Data entries:
######

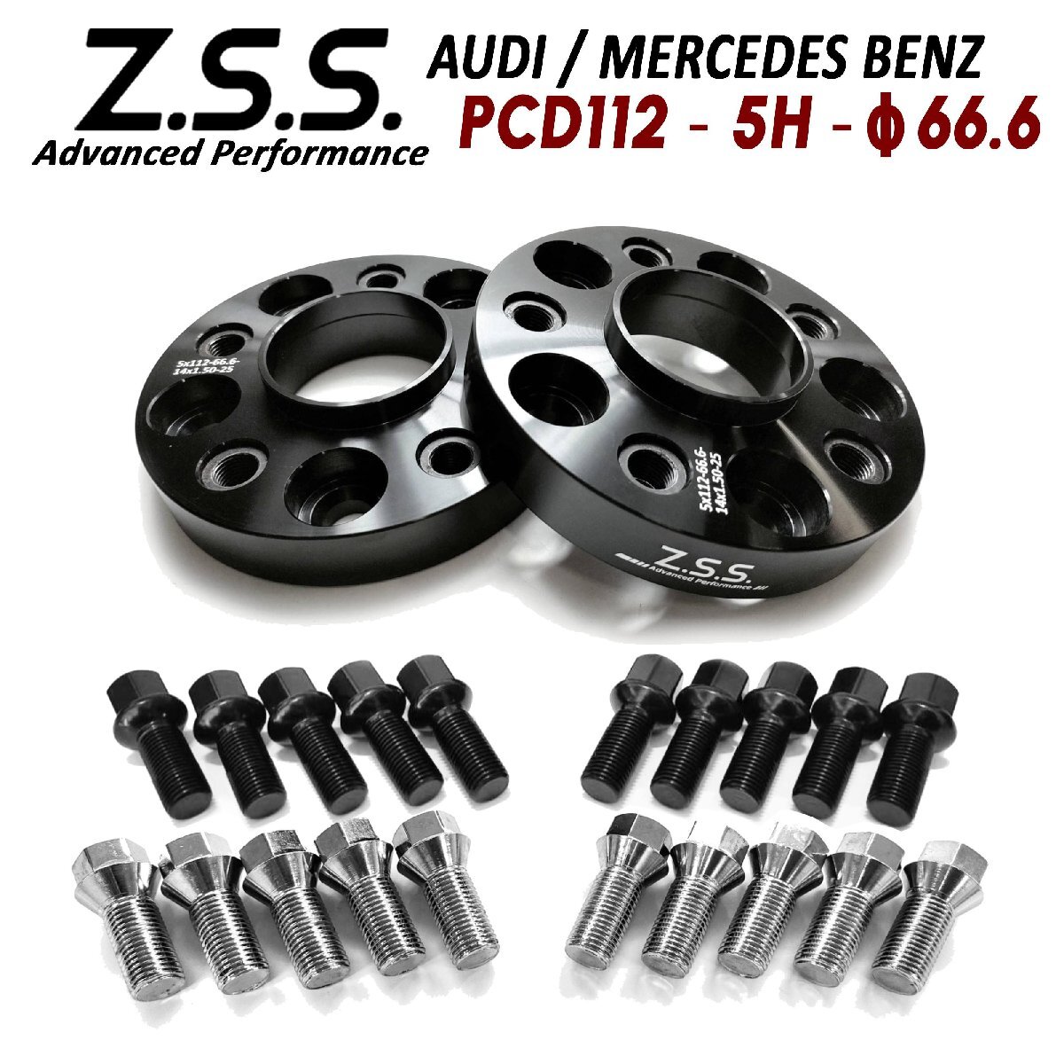 > Z.S.S. AP メルセデスベンツ Aクラス W177 W176 CLA A45 AMG 別止め スペーサー 25mm PCD112 5穴 66.6φ 純正ホイール用 R14球面ボルト付
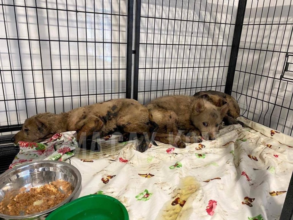 - Животных обнаружили прохожие около заброшенного угольного склада. Ослабшие щенки увязли в луже с битумом и не могли освободиться.
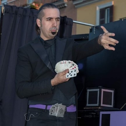 Il grande mago Pablo vi incanterà con i suoi giochi di prestigio e le fantastiche illusioni coinvolgendo grandi e piccini. La sua particolarità sono gli animali esotici che cura e addestra con amore.
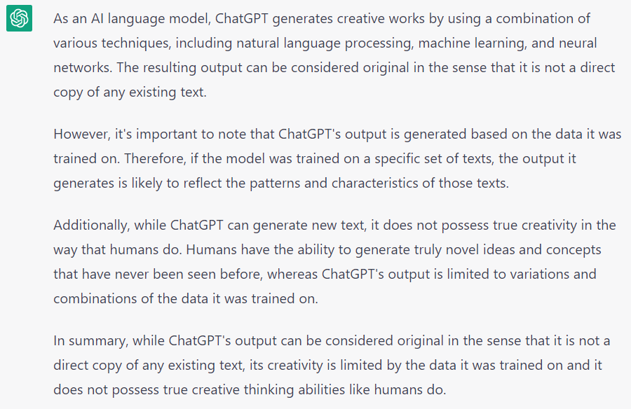 I asked ChatGPT “Is a creative work generated by chatGPT actually original and if so why?” Here is the response:
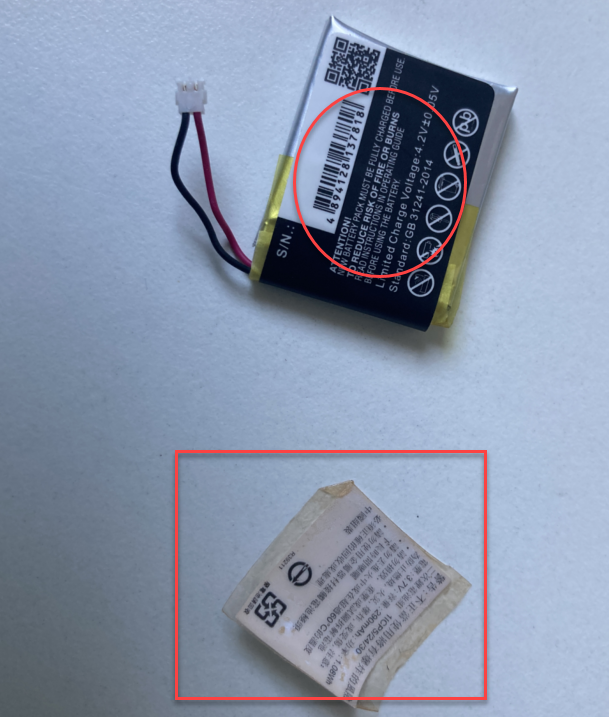 정품 배터리 탈거 한 것인데 사각형 부분의 양면 테이프가 배터리 동그란 부분에 붙어서 본체와 연결되어 있습니다.
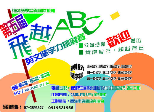 第五屆【飛越ABC】--英文單字力挑戰賽,鼓勵同學參加 二、主辦單位:高雄市資訊培育協會(高市社局一證字97092號) |
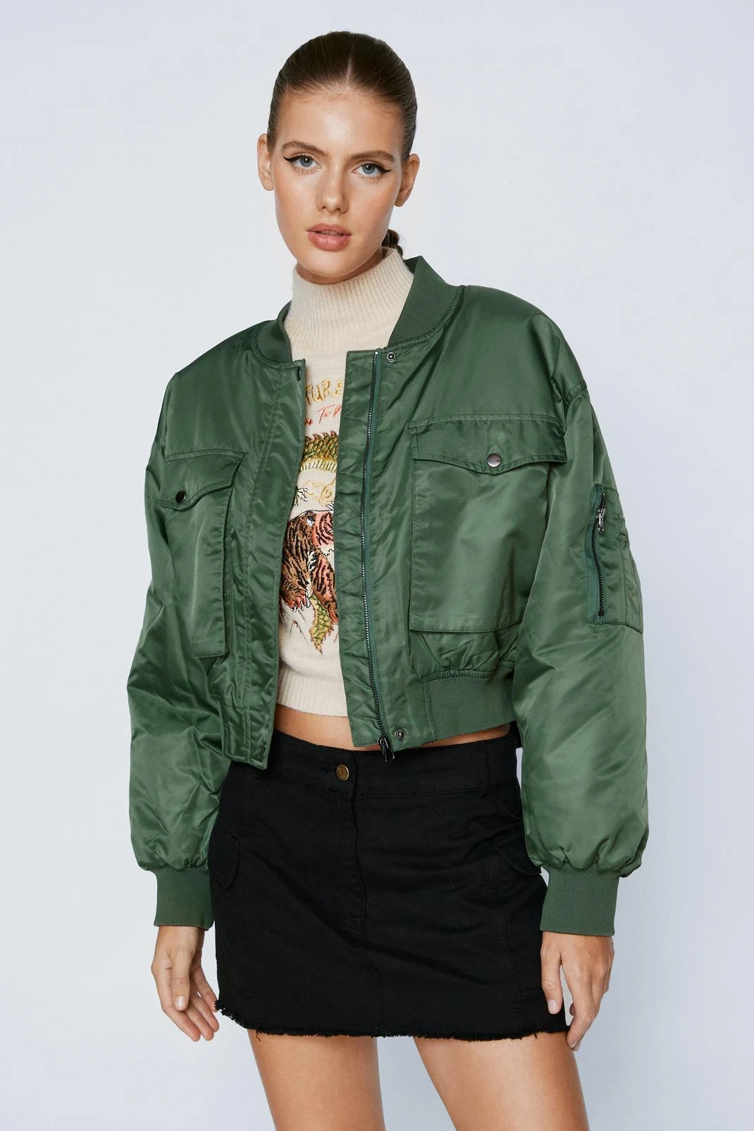 Layer up. Feel confident in our bomber jacket, with a comfortable relaxed fit, pocket features, and a thick, padded fabric. Pairs well with jeans and cargo pants for an interseasonal look that will take you anywhere from coffee runs to brunch dates, to an extra layer on dinner dates and happy hour nights.

######

### [Problem to work on]
Return the entries exactly as given. Do not include pictures.

### [Output of the exercise]
 > Z.S.S. AP メルセデスベンツ Aクラス W177 W176 CLA A45 AMG 別止め スペーサー 25mm PCD112 5穴 66.6φ 純正ホイール用 R14球面ボルト付
 - Животных обнаружили прохожие около заброшенного угольного склада. Ослабшие щенки увязли в луже с битумом и не могли освободиться.
 Il grande mago Pablo vi incanterà con i suoi giochi di prestigio e le fantastiche illusioni coinvolgendo grandi e piccini. La sua particolarità sono gli animali esotici che cura e addestra con amore.
 I asked ChatGPT “Is a creative work generated by chatGPT actually original and if so why?” Here is the response:
 정품 배터리 탈거 한 것인데 사각형 부분의 양면 테이프가 배터리 동그란 부분에 붙어서 본체와 연결되어 있습니다.
 第五屆【飛越ABC】--英文單字力挑戰賽,鼓勵同學參加 二、主辦單位:高雄市資訊培育協會(高市社局一證字97092號) |
 Layer up. Feel confident in our bomber jacket, with a comfortable relaxed fit, pocket features, and a thick, padded fabric. Pairs well with jeans and cargo pants for an interseasonal look that will take you anywhere from coffee runs to brunch dates, to an extra layer on dinner dates and happy hour nights.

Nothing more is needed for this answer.